Boston (MA) Liberator, "Man-Hunting in Pennsylvania," February 4, 1859

Source citation
"Man-Hunting in Pennsylvania," Boston (MA) Liberator, February 4, 1859, p. 20: 4.
Original source
Erie (PA) True American
Newspaper: Publication
Boston (MA) Liberator
Newspaper: Headline
Man-Hunting in Pennsylvania
Newspaper: Page(s)
20
Newspaper: Column
4
Type
Newspaper
Date Certainty
Exact
Transcriber
Leah Suhrstedt, Dickinson College
Transcription date
The following text is presented here in complete form, as it originally appeared in print. Spelling and typographical errors have been preserved as in the original.
MAN-HUNTING IN PENNSYLVANIA.

Now that the wheels of Legislation are again in motion at Harrisburg, we wish to urge upon our Senators and Representatives there, the necessity of enacting a Personal Liberty Law for this Commonwealth--a law securing to every man within the limits of the State, a right to his person and his liberty. We ask that hunting for men with a view to enslave them be forever prohibited in this State. We ask that the homes and the hearths of the old Keystone, be protected by law from the ravages of the kidnapper, and the plunderings of the manhunter. We perceive that movements toward urging such beneficent and needed legislation are being made in another section.

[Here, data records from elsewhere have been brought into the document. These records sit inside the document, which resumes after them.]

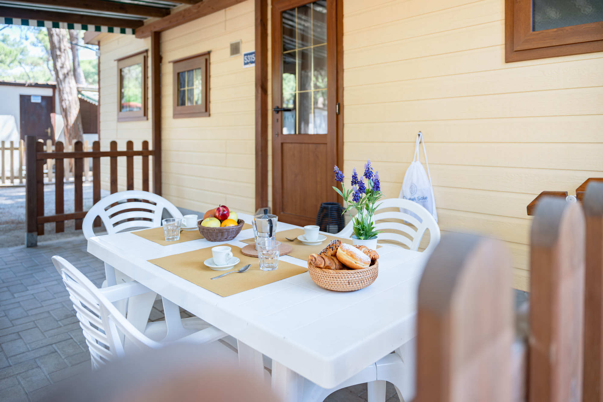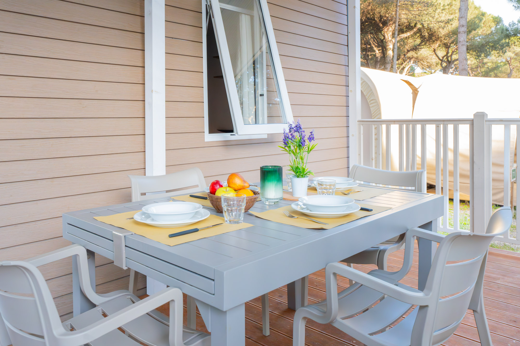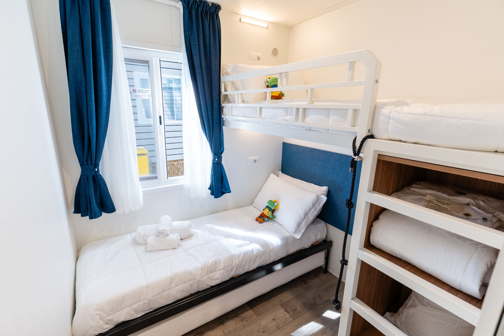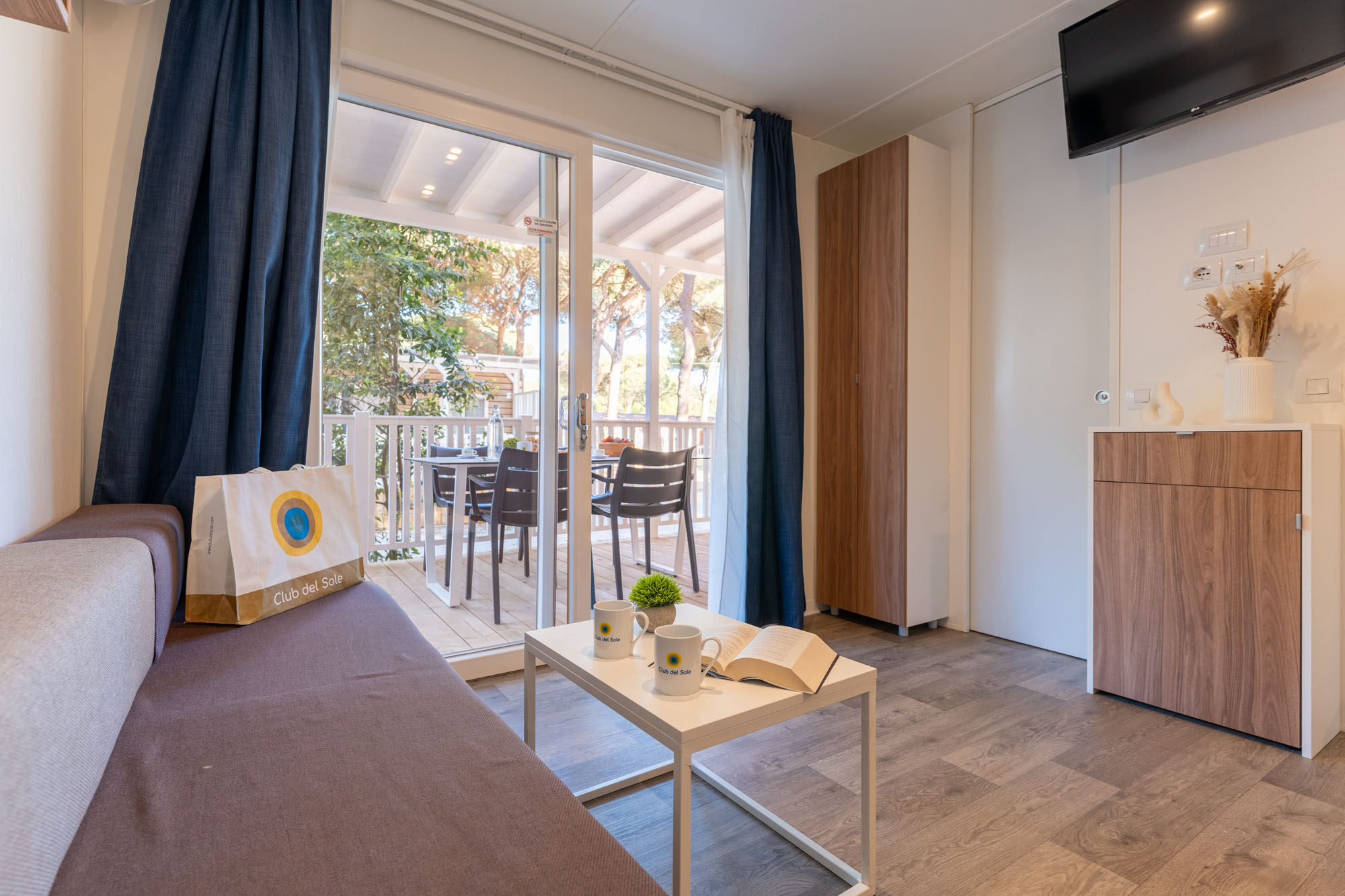 Komfort domku kempingowego w otoczeniu zieleni lasu sosnowego, z 2 sypialniami. Doskonałe rozwiązanie dla rodzin z dziećmi.
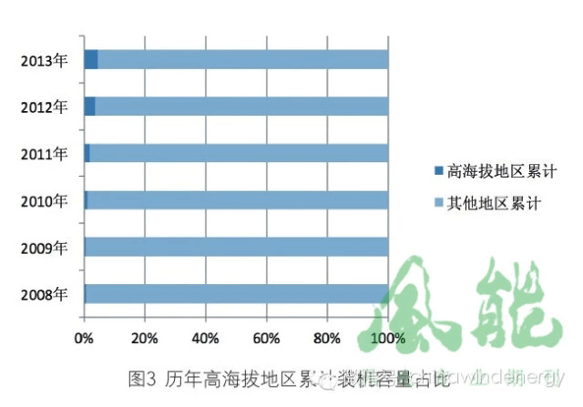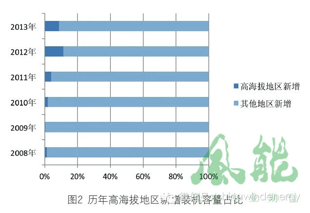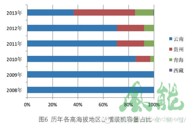 在占比方面,雖然2013年高海拔地區(qū)的新增裝機容量占比有所下降,但在累計裝機容量占比趨勢上始終表現(xiàn)出上升態(tài)勢。出現(xiàn)新增裝機容量占比略有下降而累計裝機容量占比上升的情況,從側面說明中國高海拔地區(qū)的風電裝機起步較晚,但其發(fā)展跑贏了總體裝機趨勢。
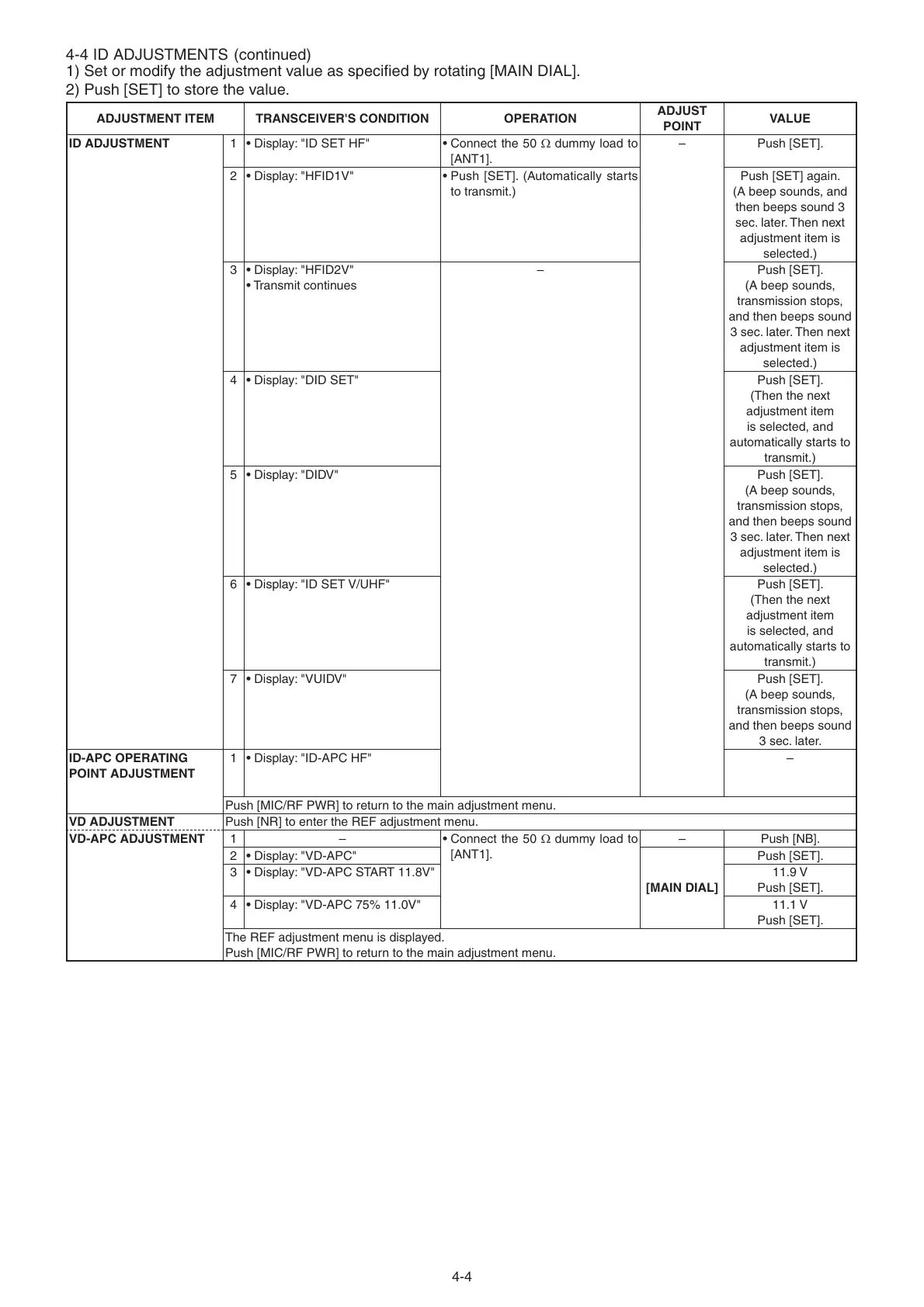 ID ADJUSTMENT 1 • Display: "ID SET HF" • Connect the 50

A large and influential Anti-Slavery Convention was recently held in Philadelphia, at which strong resolutions were passed upon the subject, and the circulation of the annexed Petition was recommended:

'To the Senate and House of Representatives of the Commonwealth of Pennsylvania.
We, the undersigned, inhabitants of the State of Pennsylvania, respectfully ask that you will pass a law prohibiting the surrender of any human being claimed as a slave on the soil of Pennsylvania.'

This form of petition is pointed, brief, and embodies correct sentiment. We propose to print blank copies of this Petition, or one of similar import, for circulation in this region of the State. Who will refuse to sign such a paper? We may not succeed in persuading our law-tinkers to act upon our prayer. It is probable that we will not. But we may begin to-day an agitation which one day will culminate in this desirable action. We can put our wishes on record. We can give expression to the moral sentiment of the people on this subject. Similar movements are being carried forward in other States, with marked promises of success. We profess to be a Free State--we are not such only in name. Our verdant meadows and smiling hill-sides are all open to the invader who may come hither scenting human blood! Every human being is free by virtue of his birth--free because God made him so. We ask not, then, as some have basely claimed, that no man shall be taken into slavery from this State without a trial by jury. We ask no such absurd and cringing thing. let no man be put on trial in Pennsylvania to ascertain whether he belongs to himself or not! But let us enact, as a sovereign State worthy of the name, that every human being on our soil is free, and shall be protected in his freedom. We owe it to ourselves, to humanity and justice, to honor and consistency, to do this thing.